Items listed in a dataset

__________________________________________________

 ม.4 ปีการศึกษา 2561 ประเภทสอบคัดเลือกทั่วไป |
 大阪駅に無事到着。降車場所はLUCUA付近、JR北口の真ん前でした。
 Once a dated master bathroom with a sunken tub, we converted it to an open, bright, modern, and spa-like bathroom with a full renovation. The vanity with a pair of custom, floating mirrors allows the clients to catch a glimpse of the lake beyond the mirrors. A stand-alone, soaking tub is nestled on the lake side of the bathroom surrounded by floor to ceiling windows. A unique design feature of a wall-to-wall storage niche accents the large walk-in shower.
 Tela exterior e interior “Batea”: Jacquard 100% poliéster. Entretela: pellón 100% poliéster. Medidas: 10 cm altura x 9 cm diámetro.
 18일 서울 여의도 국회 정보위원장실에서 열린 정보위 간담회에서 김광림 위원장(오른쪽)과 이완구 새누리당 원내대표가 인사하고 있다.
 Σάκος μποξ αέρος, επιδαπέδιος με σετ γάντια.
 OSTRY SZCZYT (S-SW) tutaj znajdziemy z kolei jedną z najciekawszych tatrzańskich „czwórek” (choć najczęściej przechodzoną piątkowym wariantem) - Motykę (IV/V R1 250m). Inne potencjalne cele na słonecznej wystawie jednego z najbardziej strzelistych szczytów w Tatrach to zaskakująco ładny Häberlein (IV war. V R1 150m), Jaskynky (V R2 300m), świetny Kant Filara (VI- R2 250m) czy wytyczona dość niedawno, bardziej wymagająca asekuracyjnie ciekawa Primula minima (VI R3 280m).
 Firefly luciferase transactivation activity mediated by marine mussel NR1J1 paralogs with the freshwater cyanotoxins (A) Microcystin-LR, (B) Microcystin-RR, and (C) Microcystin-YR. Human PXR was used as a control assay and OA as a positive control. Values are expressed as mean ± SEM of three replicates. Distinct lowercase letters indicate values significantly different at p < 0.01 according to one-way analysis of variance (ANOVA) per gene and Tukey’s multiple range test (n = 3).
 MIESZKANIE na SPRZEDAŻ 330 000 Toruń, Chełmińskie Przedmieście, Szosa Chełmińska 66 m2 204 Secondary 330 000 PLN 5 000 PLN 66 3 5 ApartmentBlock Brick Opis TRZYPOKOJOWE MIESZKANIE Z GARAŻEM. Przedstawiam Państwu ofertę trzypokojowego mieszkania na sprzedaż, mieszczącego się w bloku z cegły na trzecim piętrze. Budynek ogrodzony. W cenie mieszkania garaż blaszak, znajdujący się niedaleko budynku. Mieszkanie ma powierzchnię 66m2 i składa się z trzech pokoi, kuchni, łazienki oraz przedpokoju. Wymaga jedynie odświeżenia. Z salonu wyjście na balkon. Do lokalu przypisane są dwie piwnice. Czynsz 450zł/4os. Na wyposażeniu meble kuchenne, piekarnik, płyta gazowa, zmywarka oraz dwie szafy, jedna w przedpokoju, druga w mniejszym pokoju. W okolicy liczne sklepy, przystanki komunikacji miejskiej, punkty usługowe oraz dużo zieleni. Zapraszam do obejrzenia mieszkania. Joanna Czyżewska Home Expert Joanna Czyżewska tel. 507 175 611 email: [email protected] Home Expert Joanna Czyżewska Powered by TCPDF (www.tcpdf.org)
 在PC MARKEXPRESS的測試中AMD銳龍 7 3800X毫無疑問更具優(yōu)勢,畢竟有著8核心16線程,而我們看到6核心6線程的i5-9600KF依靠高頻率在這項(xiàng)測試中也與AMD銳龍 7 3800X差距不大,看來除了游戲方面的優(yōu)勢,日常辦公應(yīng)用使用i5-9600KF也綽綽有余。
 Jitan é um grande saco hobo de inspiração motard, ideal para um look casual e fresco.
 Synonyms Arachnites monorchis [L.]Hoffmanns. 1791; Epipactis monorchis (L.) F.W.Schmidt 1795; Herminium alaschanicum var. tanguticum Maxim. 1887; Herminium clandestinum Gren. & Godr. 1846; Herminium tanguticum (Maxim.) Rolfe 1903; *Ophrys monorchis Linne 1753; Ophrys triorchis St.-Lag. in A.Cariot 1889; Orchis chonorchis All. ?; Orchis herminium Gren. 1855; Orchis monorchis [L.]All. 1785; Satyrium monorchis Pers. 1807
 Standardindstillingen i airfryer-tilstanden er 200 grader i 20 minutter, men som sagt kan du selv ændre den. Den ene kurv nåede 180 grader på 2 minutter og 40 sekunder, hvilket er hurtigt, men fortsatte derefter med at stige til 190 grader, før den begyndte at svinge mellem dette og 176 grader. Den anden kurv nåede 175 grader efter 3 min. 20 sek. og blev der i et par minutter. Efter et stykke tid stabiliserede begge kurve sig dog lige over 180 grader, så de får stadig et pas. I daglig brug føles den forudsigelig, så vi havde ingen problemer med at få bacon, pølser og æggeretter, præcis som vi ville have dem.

__________________________________________________

Your task » Could the data above be set down exactly, in full?

Exercise output »
 ม.4 ปีการศึกษา 2561 ประเภทสอบคัดเลือกทั่วไป |
 大阪駅に無事到着。降車場所はLUCUA付近、JR北口の真ん前でした。
 Once a dated master bathroom with a sunken tub, we converted it to an open, bright, modern, and spa-like bathroom with a full renovation. The vanity with a pair of custom, floating mirrors allows the clients to catch a glimpse of the lake beyond the mirrors. A stand-alone, soaking tub is nestled on the lake side of the bathroom surrounded by floor to ceiling windows. A unique design feature of a wall-to-wall storage niche accents the large walk-in shower.
 Tela exterior e interior “Batea”: Jacquard 100% poliéster. Entretela: pellón 100% poliéster. Medidas: 10 cm altura x 9 cm diámetro.
 18일 서울 여의도 국회 정보위원장실에서 열린 정보위 간담회에서 김광림 위원장(오른쪽)과 이완구 새누리당 원내대표가 인사하고 있다.
 Σάκος μποξ αέρος, επιδαπέδιος με σετ γάντια.
 OSTRY SZCZYT (S-SW) tutaj znajdziemy z kolei jedną z najciekawszych tatrzańskich „czwórek” (choć najczęściej przechodzoną piątkowym wariantem) - Motykę (IV/V R1 250m). Inne potencjalne cele na słonecznej wystawie jednego z najbardziej strzelistych szczytów w Tatrach to zaskakująco ładny Häberlein (IV war. V R1 150m), Jaskynky (V R2 300m), świetny Kant Filara (VI- R2 250m) czy wytyczona dość niedawno, bardziej wymagająca asekuracyjnie ciekawa Primula minima (VI R3 280m).
 Firefly luciferase transactivation activity mediated by marine mussel NR1J1 paralogs with the freshwater cyanotoxins (A) Microcystin-LR, (B) Microcystin-RR, and (C) Microcystin-YR. Human PXR was used as a control assay and OA as a positive control. Values are expressed as mean ± SEM of three replicates. Distinct lowercase letters indicate values significantly different at p < 0.01 according to one-way analysis of variance (ANOVA) per gene and Tukey’s multiple range test (n = 3).
 MIESZKANIE na SPRZEDAŻ 330 000 Toruń, Chełmińskie Przedmieście, Szosa Chełmińska 66 m2 204 Secondary 330 000 PLN 5 000 PLN 66 3 5 ApartmentBlock Brick Opis TRZYPOKOJOWE MIESZKANIE Z GARAŻEM. Przedstawiam Państwu ofertę trzypokojowego mieszkania na sprzedaż, mieszczącego się w bloku z cegły na trzecim piętrze. Budynek ogrodzony. W cenie mieszkania garaż blaszak, znajdujący się niedaleko budynku. Mieszkanie ma powierzchnię 66m2 i składa się z trzech pokoi, kuchni, łazienki oraz przedpokoju. Wymaga jedynie odświeżenia. Z salonu wyjście na balkon. Do lokalu przypisane są dwie piwnice. Czynsz 450zł/4os. Na wyposażeniu meble kuchenne, piekarnik, płyta gazowa, zmywarka oraz dwie szafy, jedna w przedpokoju, druga w mniejszym pokoju. W okolicy liczne sklepy, przystanki komunikacji miejskiej, punkty usługowe oraz dużo zieleni. Zapraszam do obejrzenia mieszkania. Joanna Czyżewska Home Expert Joanna Czyżewska tel. 507 175 611 email: [email protected] Home Expert Joanna Czyżewska Powered by TCPDF (www.tcpdf.org)
 在PC MARKEXPRESS的測試中AMD銳龍 7 3800X毫無疑問更具優(yōu)勢,畢竟有著8核心16線程,而我們看到6核心6線程的i5-9600KF依靠高頻率在這項(xiàng)測試中也與AMD銳龍 7 3800X差距不大,看來除了游戲方面的優(yōu)勢,日常辦公應(yīng)用使用i5-9600KF也綽綽有余。
 Jitan é um grande saco hobo de inspiração motard, ideal para um look casual e fresco.
 Synonyms Arachnites monorchis [L.]Hoffmanns. 1791; Epipactis monorchis (L.) F.W.Schmidt 1795; Herminium alaschanicum var. tanguticum Maxim. 1887; Herminium clandestinum Gren. & Godr. 1846; Herminium tanguticum (Maxim.) Rolfe 1903; *Ophrys monorchis Linne 1753; Ophrys triorchis St.-Lag. in A.Cariot 1889; Orchis chonorchis All. ?; Orchis herminium Gren. 1855; Orchis monorchis [L.]All. 1785; Satyrium monorchis Pers. 1807
 Standardindstillingen i airfryer-tilstanden er 200 grader i 20 minutter, men som sagt kan du selv ændre den. Den ene kurv nåede 180 grader på 2 minutter og 40 sekunder, hvilket er hurtigt, men fortsatte derefter med at stige til 190 grader, før den begyndte at svinge mellem dette og 176 grader. Den anden kurv nåede 175 grader efter 3 min. 20 sek. og blev der i et par minutter. Efter et stykke tid stabiliserede begge kurve sig dog lige over 180 grader, så de får stadig et pas. I daglig brug føles den forudsigelig, så vi havde ingen problemer med at få bacon, pølser og æggeretter, præcis som vi ville have dem.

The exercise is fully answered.